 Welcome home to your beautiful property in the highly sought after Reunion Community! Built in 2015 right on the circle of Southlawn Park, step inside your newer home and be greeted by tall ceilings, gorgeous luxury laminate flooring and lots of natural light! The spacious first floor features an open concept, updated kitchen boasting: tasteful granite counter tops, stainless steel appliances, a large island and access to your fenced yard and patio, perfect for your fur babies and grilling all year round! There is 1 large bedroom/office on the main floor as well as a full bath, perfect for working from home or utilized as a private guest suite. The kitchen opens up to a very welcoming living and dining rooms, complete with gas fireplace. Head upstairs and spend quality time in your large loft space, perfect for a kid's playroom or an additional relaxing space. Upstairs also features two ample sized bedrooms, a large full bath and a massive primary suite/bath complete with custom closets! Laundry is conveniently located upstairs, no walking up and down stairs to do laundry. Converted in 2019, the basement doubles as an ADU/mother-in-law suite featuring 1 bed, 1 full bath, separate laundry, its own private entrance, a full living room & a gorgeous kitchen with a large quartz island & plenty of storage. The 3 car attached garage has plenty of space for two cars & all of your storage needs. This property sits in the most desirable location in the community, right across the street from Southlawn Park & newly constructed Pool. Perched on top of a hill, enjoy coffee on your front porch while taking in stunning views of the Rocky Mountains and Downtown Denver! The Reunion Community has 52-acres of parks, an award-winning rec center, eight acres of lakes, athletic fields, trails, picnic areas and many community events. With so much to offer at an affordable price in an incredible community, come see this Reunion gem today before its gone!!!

* * *

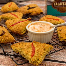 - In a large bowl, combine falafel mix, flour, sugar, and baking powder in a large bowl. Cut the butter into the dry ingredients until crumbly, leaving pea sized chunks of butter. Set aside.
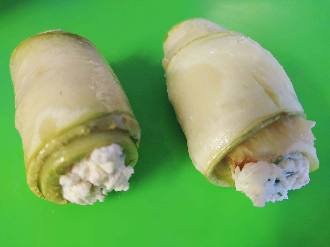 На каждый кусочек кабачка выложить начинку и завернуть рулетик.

What the exercise asks: What's needed is an exact copy of the records above from the line containing "- In a large" down to the line containing "На каждый кусочек", both included, without any pictures.

Task result:
 - In a large bowl, combine falafel mix, flour, sugar, and baking powder in a large bowl. Cut the butter into the dry ingredients until crumbly, leaving pea sized chunks of butter. Set aside.
 На каждый кусочек кабачка выложить начинку и завернуть рулетик.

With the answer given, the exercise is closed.